In the records below, find the line with "Buka halaman detail", then copy each line exactly until you have copied the line with "Located in Ortaalan, close". Leave any picture out.

▸ **RECORDS SHOWN**:

____

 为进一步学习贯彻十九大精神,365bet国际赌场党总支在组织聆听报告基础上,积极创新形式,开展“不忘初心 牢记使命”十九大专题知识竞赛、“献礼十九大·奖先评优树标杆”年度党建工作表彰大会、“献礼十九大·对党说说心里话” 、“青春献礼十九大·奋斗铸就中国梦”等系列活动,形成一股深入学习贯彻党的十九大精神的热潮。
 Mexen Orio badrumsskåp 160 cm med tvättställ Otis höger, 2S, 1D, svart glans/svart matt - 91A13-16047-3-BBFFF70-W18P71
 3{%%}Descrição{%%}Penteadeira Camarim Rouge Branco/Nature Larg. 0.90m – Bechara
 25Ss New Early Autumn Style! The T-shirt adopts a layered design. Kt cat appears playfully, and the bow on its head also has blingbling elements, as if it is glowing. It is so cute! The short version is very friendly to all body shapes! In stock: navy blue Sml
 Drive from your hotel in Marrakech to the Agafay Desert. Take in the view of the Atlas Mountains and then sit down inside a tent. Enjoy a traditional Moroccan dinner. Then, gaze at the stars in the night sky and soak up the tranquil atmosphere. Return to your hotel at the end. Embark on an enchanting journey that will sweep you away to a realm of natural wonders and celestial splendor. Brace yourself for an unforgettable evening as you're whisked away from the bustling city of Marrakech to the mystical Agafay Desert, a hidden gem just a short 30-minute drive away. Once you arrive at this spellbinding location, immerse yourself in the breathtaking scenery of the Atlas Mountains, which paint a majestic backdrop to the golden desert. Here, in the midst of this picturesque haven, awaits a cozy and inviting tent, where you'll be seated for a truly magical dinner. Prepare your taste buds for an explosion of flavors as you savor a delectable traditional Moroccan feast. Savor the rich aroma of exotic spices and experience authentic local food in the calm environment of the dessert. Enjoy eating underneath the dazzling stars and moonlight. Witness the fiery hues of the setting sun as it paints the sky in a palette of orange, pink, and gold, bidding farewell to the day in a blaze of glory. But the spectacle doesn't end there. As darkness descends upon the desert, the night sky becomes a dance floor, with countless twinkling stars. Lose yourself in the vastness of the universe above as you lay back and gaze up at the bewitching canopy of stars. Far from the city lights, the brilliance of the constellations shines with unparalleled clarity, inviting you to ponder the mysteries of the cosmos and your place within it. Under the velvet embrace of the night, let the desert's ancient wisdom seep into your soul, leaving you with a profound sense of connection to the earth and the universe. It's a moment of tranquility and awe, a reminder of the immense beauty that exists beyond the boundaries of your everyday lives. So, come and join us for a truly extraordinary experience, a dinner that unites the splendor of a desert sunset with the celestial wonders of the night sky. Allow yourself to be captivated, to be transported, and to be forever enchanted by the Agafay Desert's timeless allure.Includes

____

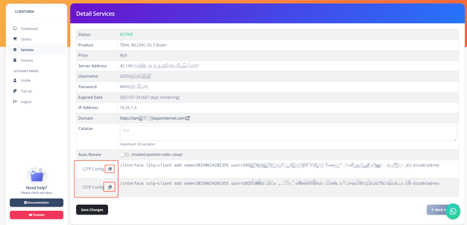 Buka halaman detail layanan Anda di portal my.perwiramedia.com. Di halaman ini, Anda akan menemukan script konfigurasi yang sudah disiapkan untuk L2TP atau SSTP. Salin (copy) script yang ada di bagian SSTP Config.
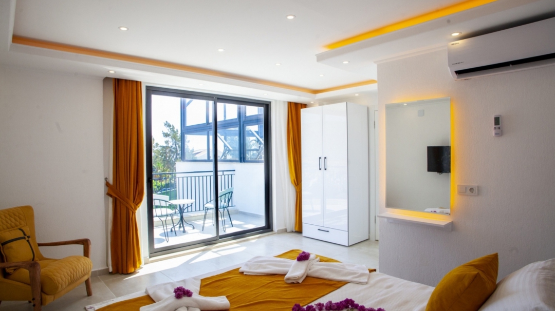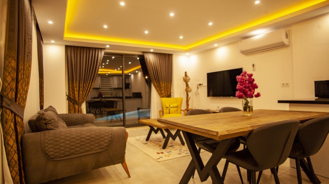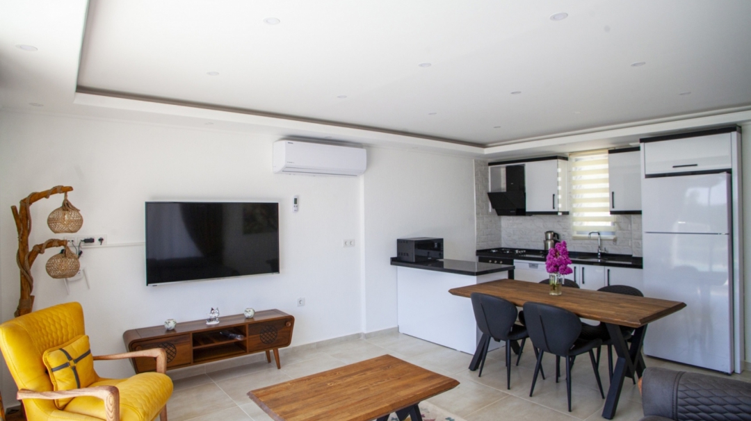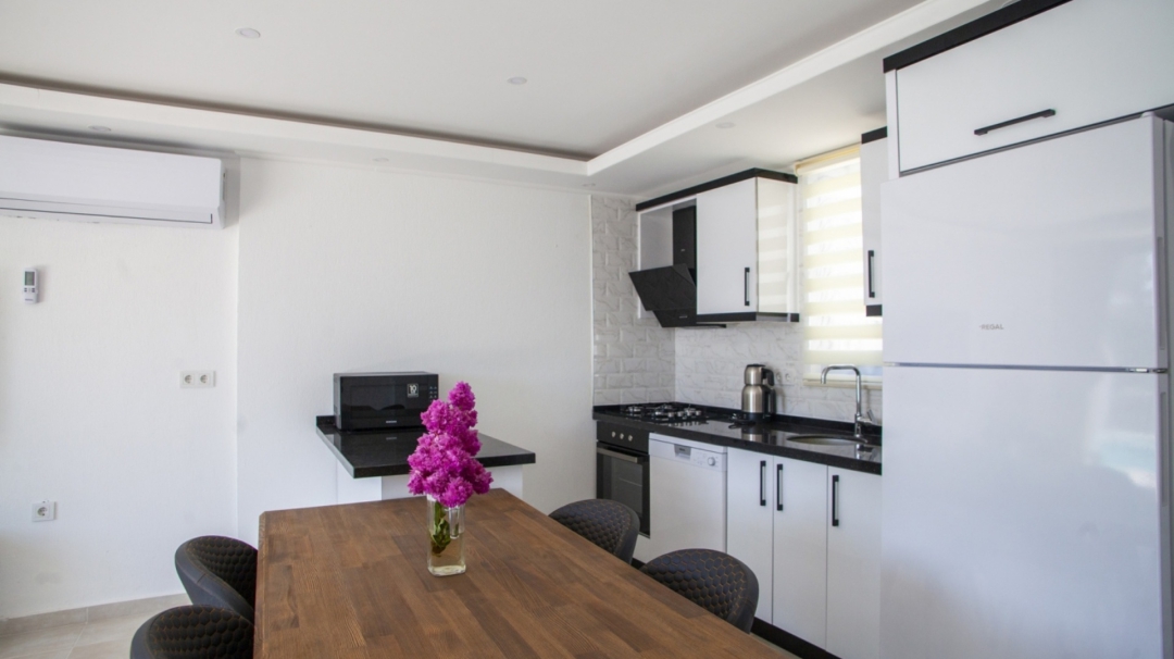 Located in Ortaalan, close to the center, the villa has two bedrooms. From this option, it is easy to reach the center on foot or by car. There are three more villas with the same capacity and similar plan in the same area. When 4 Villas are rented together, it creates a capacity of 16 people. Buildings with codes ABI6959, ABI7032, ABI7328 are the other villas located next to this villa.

____

▸ **EXPECTED OUTPUT**:
 Buka halaman detail layanan Anda di portal my.perwiramedia.com. Di halaman ini, Anda akan menemukan script konfigurasi yang sudah disiapkan untuk L2TP atau SSTP. Salin (copy) script yang ada di bagian SSTP Config.
 Located in Ortaalan, close to the center, the villa has two bedrooms. From this option, it is easy to reach the center on foot or by car. There are three more villas with the same capacity and similar plan in the same area. When 4 Villas are rented together, it creates a capacity of 16 people. Buildings with codes ABI6959, ABI7032, ABI7328 are the other villas located next to this villa.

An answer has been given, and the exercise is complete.